Some application areas of expert systems include in medicine, crisis management, monitoring and auto-correcting complex systems such as industrial and mechanical processes, question-and-answering systems such as in customer care, and many others. An early example of an expert system is MYCIN, which was designed to aid human experts in the diagnosis and treatment of bacterial infections. It used its knowledge to probabilistically judge the microbe causing the infection and recommended an appropriate antibiotic. MYCIN is an example of an expert system that was used to aid an expert rather than replace them.
In expert systems, verification and validation refers to the process of ensuring the quality and robustness of an expert system. A poor-quality expert system may make serious errors that may be costly, loss, or even human suffering. The process of verification and validation involves the evaluation and assessment of the system to probe for anomalies, inconsistencies, completeness, correctness and redundancy. The definition of validity and credibility in a system is also addressed.
Knowledge acquisition, as the term suggests, is the process of acquiring knowledge in that formalized way for a particular purpose or in a specific way. Knowledge acquisition is one of the most challenging and interesting subjects in artificial intelligence. The process involves the extraction, structuring, and organization of knowledge from human experts or other sources. Knowledge elicitation is the sub-process of knowledge acquisition that involves the analysis and development of domain-specific knowledge that is the basis of human cognition.
Knowledge representation is the process of structuring and encoding knowledge to facilitate and enable its manipulation and use in cognitive processes. Knowledge representation is an essential part of any system that uses reasoning. Representing knowledge means symbolically approximating external information in a system internally. Different kinds of knowledge require different kind of reasoning, hence there are different models of knowledge representation.
- Create a simple prolog application that repeatedly asks the user for two numbers and returns their sum. If the user wants to exit the program she may type ‘y’ to exit. On exit a ‘See you next time.’ message is displayed.
/*calc.pl –will add single-character integers repeatedly*/
respond(Ans):-write('The answer is '),write(Ans),write('.'),nl.
ask1:-write('Please enter the first number:').
ask2:-write('Please enter the second number:').
quit:-write('See you next time.').
loop:-ask1,
get(A),
(B==y -> quit ;
ask2,
get(C),
(B==y -> quit;
E is B+D,respond(E),loop)).
/*END*/
Works Cited
Hart, Anna. "Knowledge elicitation: issues and methods." Computer-Aided Design (1985): 445-462.

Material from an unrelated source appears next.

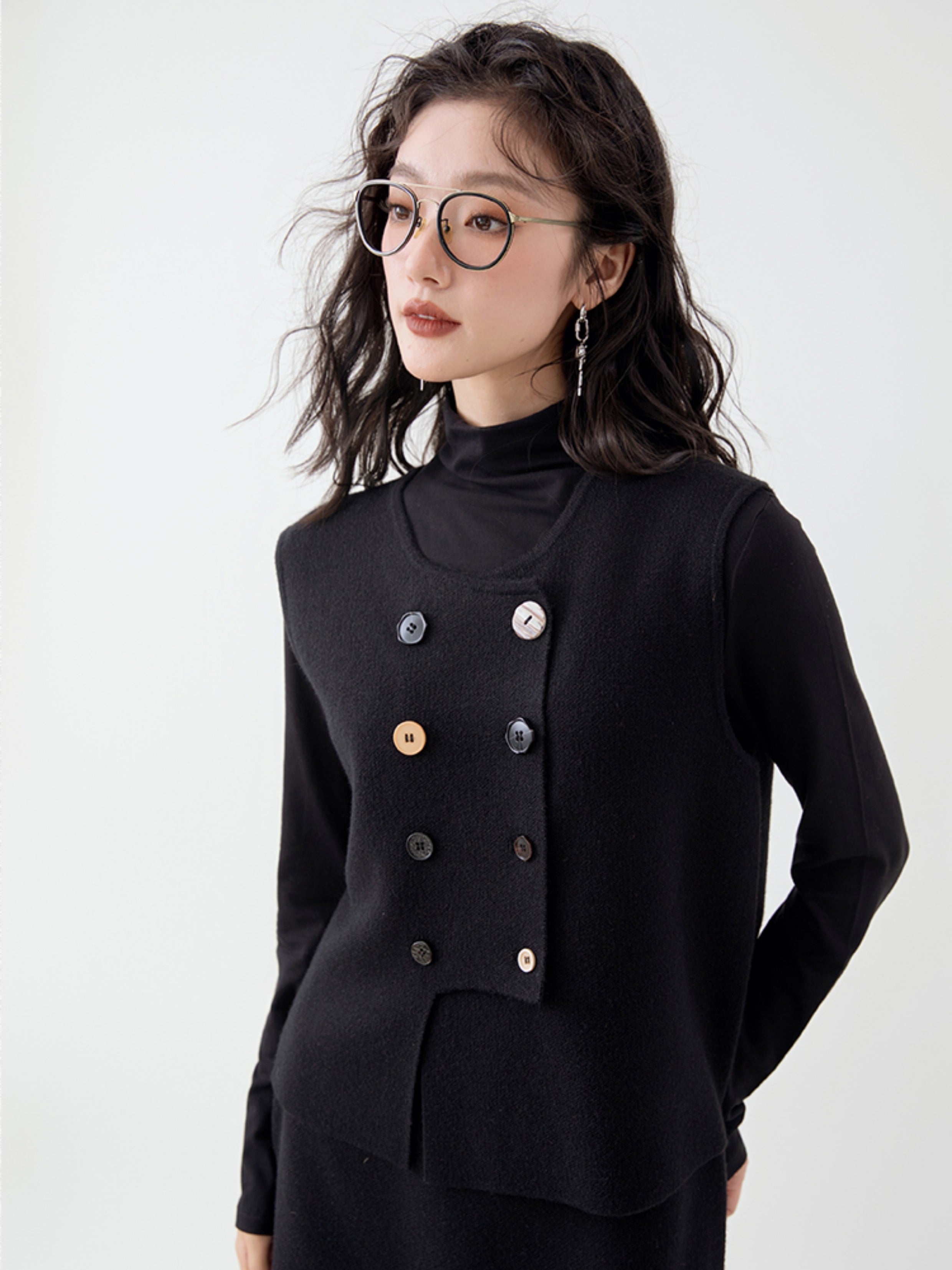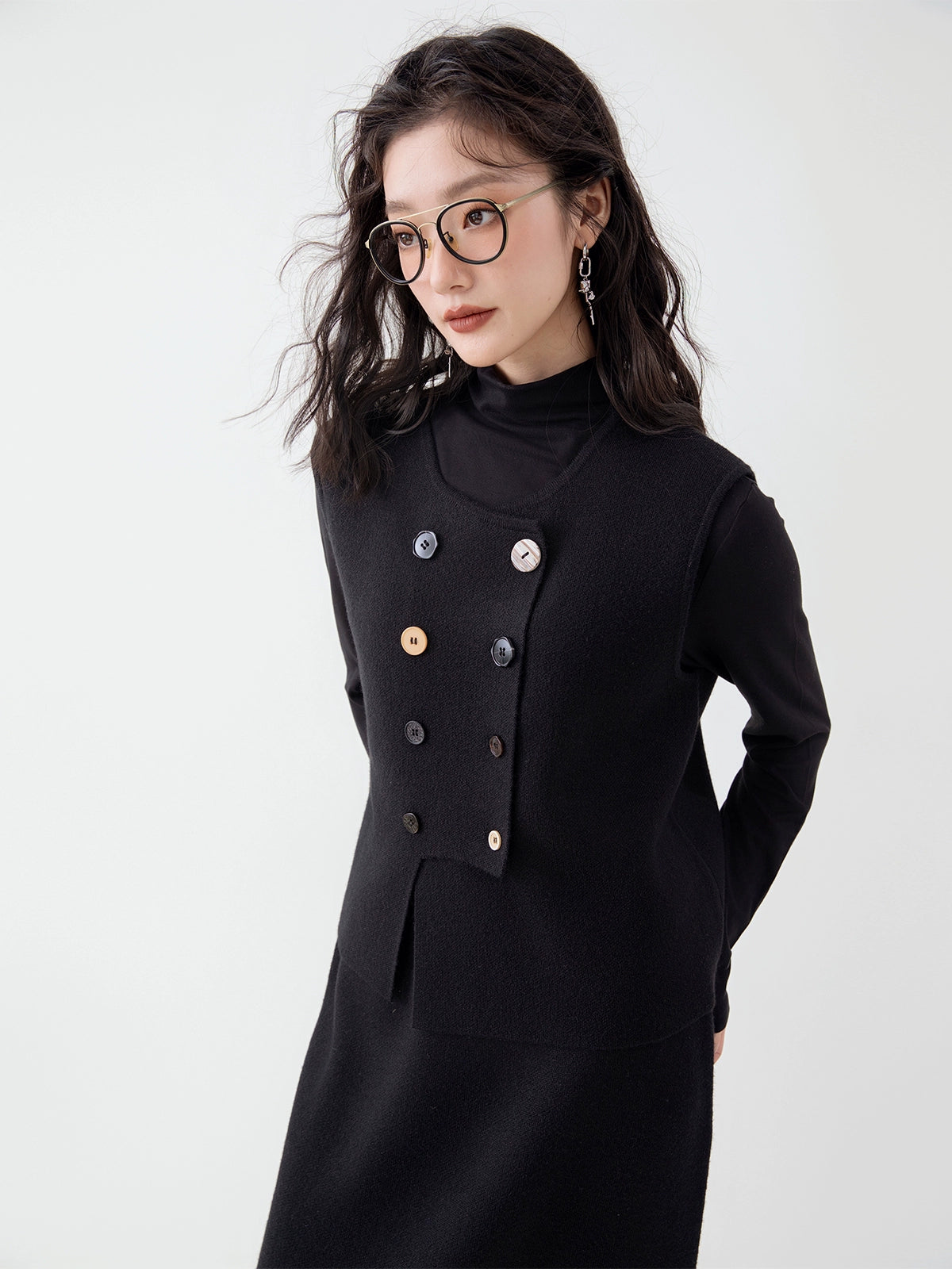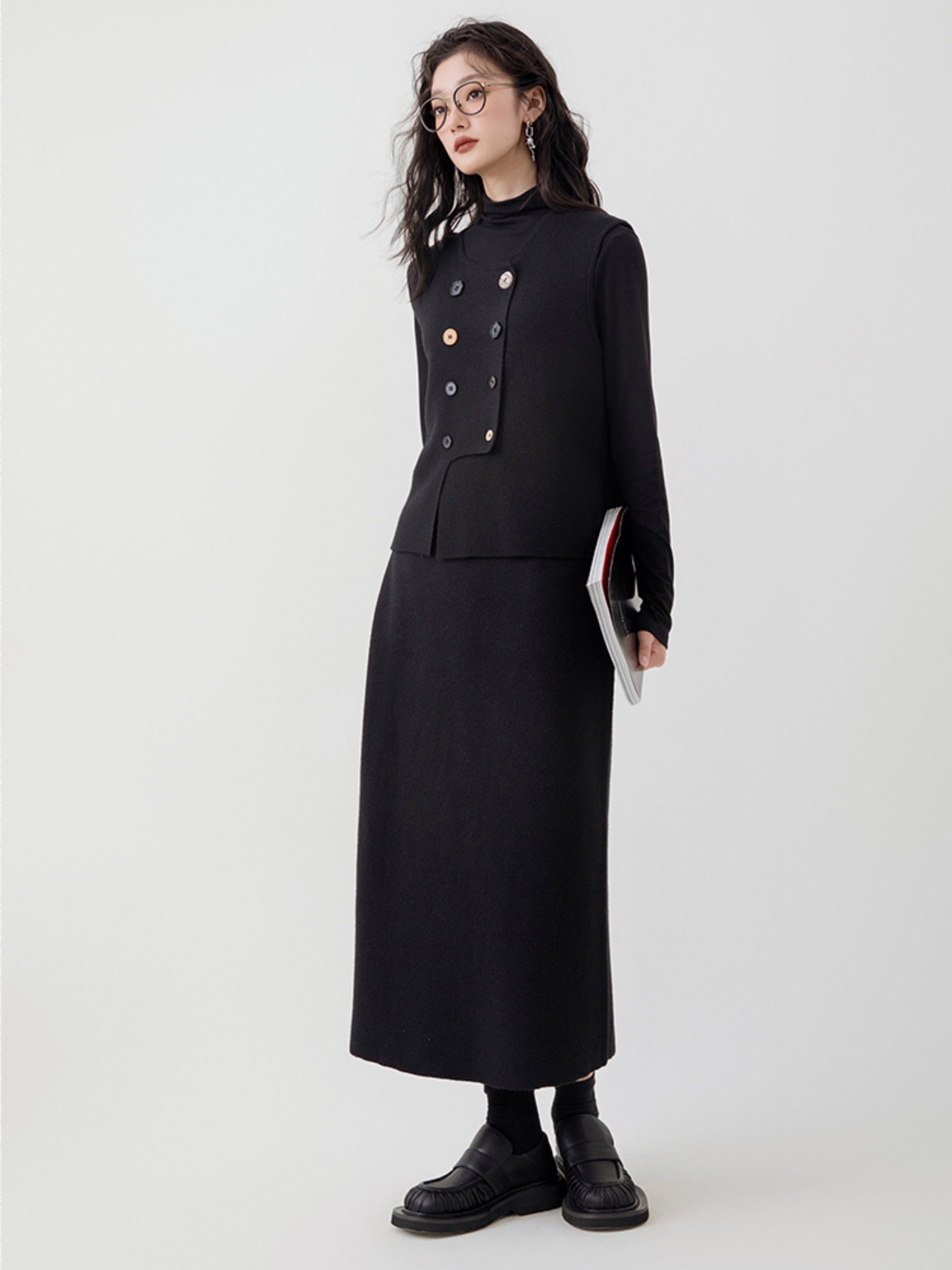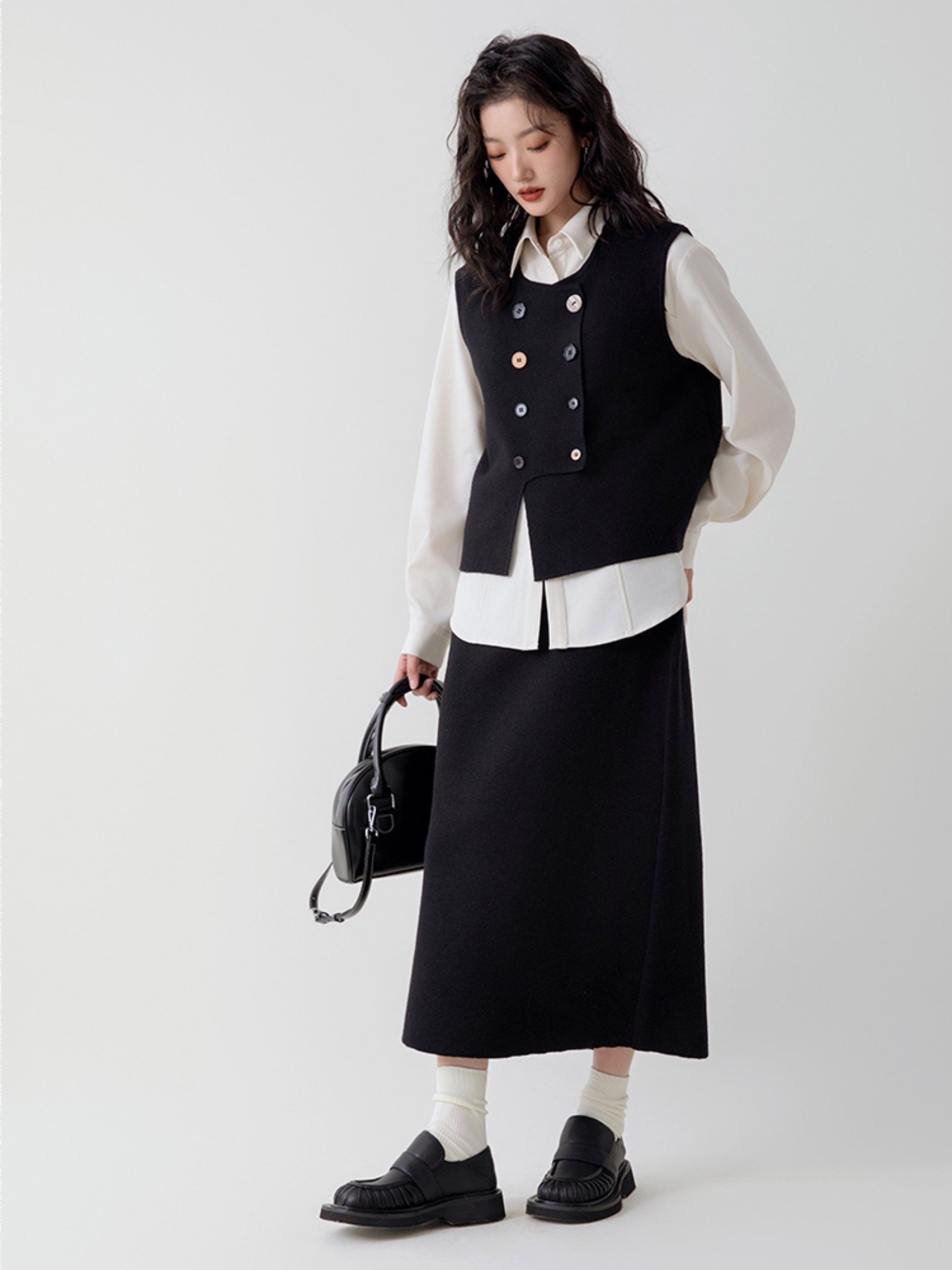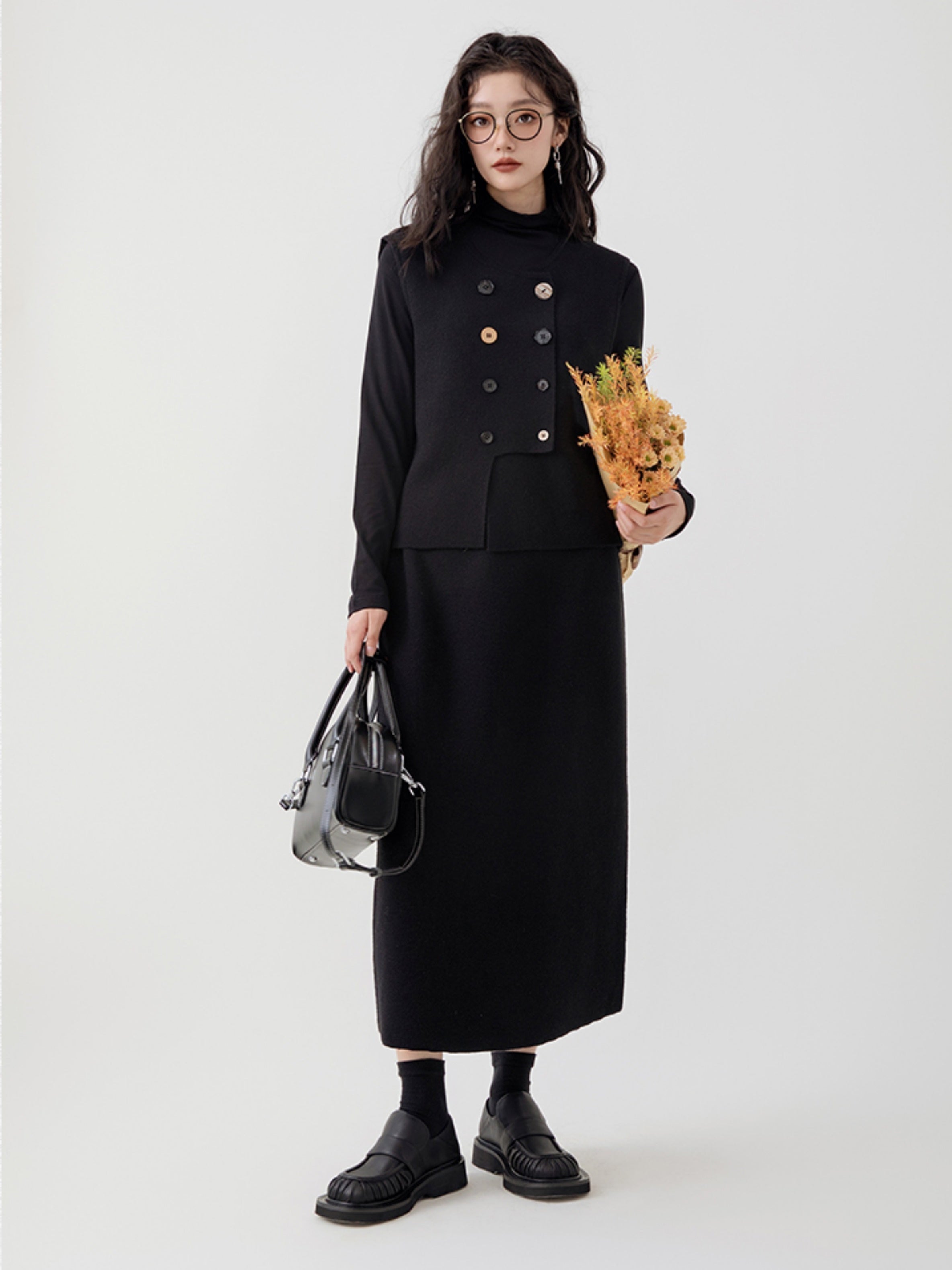 Irregular Design Vest & Skirt & Half-High Neck Shirt
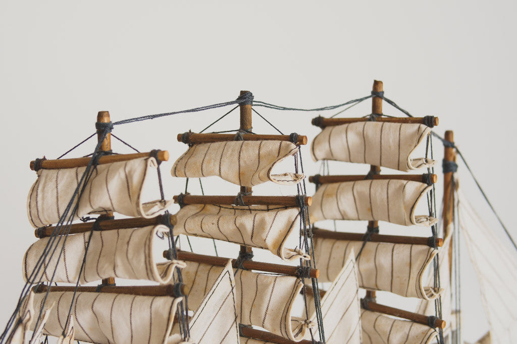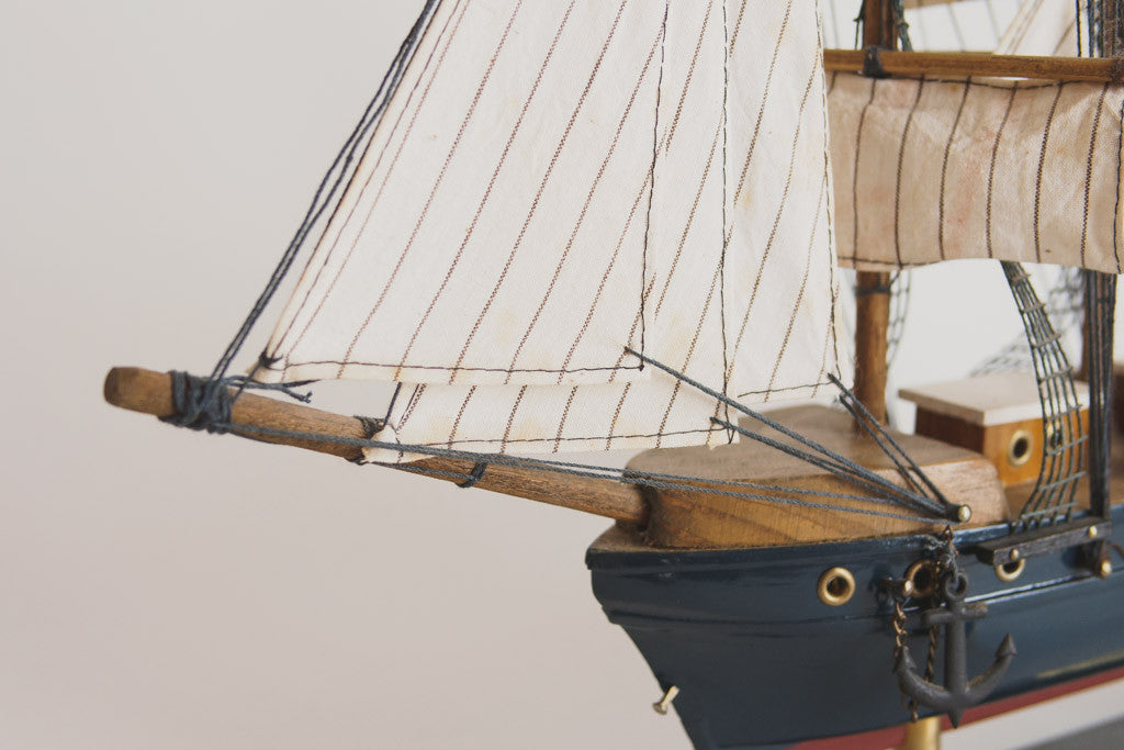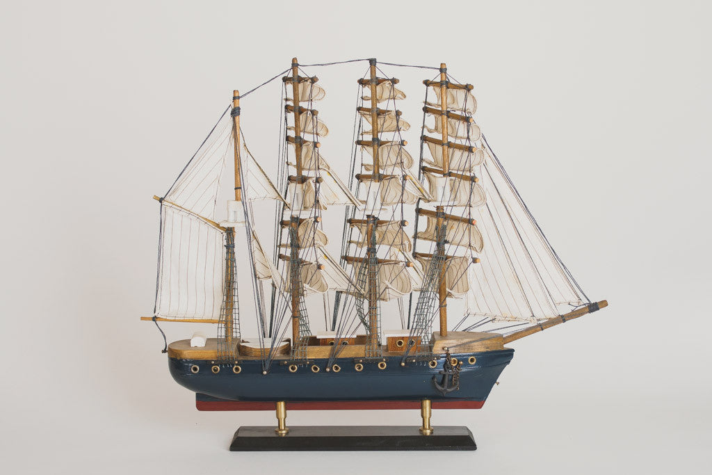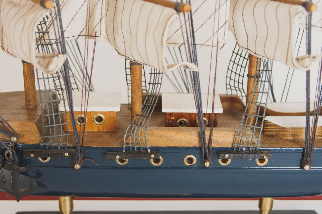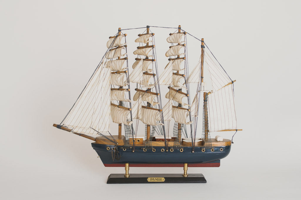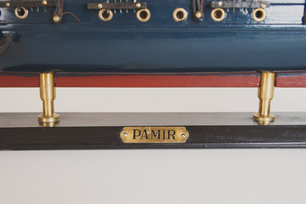 This handcrafted model ship is navy painted wood with great details, a built in stand and a plaque that reads, "Pamir". It's in good shape with age related wear. Please see pictures for detailed condition.

Norvig, Peter. Paradigms of Artificial intelligence Programming:case studies in common lisp. San Francisco, Carlifornia: Morgan Kauffmann Publishers, 1992.
O'keefe, Robert M and Daniel E O'leary. "Expert system verification and Validation: A survey ann tutorial." Artificial Intelligence Review (1993): 3-42.
Russell, Stuart Jonathan and Peter Norvig. Artificial Intelligence: A Modern Approach. New Jersey: Pearson, 2014.